August 18, 2009 – Garage Sale Results
How to lose five pounds in 30 days: 1) set a date (roughly one month away) for a garage sale, 2) tell the family, 3) start digging, hauling, cleaning, sorting and pricing.
I’m not saying it wasn’t worth it; I’m just saying I’ll never do it again. We made a grand total of $827.95, which means we moved a lot of merchandise, given that the highest priced item sold for $28. The aftermath: ten large garbage bags and one box of donations; seven large bags of true garbage; half a garage of leftovers that Gina is moving to her house for a follow-up sale on Labor Day weekend. (They live in Roseville. She thinks they’ll get all those State Fair patrons going back and forth to the Park & Ride.) I have agreed to assist, since I could stand to lose a couple more pounds.
What DIDN’T sell:
prom dresses (not one)
1980s posters, including four M. Jackson (not one)

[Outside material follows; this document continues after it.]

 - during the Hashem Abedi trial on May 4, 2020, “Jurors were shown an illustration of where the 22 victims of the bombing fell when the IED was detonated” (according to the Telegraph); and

1950s-era McCalls magazines (not one)
Mac software (including “Quicken 96” and “Mavis Beacon Teaches Typing”)
wall map of Jamaica
inflatable palm tree
four room humidifiers
five Christmas wreaths
Christmas nutcracker (motion and music!)
Christmas nutcracker (just stands there)
Christmas nutcracker ornament
elf, frog and polar bear slippers
little liquor barrel that hangs on a St. Bernard’s collar
McDonald’s visor, apron and badge
12″ plastic rabbit (amazingly lifelike!)
two adult cow costumes
one Elvis costume
LPs, 45s, movies, CDs
animal-shaped lawn sprinklers
Santa Claus rug
cowboy hat cleaner (and hat)
13-pc. child’s bed with no hardware or instructions
fluffy sheep hot water bottle holder
a lot of other stuff someone actually thought they needed
September 9, 2009 – Follow-up Garage Sale at Gina & Bret’s
We had a second and last garage sale last weekend at Gina’s house, where we managed to unload the polar bear slippers and the liquor barrel for a St. Bernard but not a single prom dress. People just don’t dress up anymore.

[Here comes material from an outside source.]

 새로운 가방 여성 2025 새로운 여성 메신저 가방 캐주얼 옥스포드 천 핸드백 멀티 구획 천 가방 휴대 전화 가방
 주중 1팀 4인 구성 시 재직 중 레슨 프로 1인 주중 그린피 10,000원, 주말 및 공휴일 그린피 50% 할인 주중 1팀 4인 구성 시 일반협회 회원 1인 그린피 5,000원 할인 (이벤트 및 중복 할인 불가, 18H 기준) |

While we were outside minding business, Maria kept one-year-old Cosette occupied in the house for a while watching a “Veggie Tales” movie. It seemed like a good idea at the time but failed to take into account that, at nine, Maria still gets some odd notions. When I went in to check on them, she had a toothbrush with toothpaste on it and was trying to get Ursa to sit still and open up. The dog, having more sense than a nine-year-old girl, was having none of it. I don’t know if it was Gina’s toothbrush or Bret’s, but I’m pretty sure there’d be a big holy to-do if either one of them thought it was being used on the dog. So we put the toothbrush back in the bathroom and swore each other to secrecy.
Everybody doesn’t need to know everything, you know.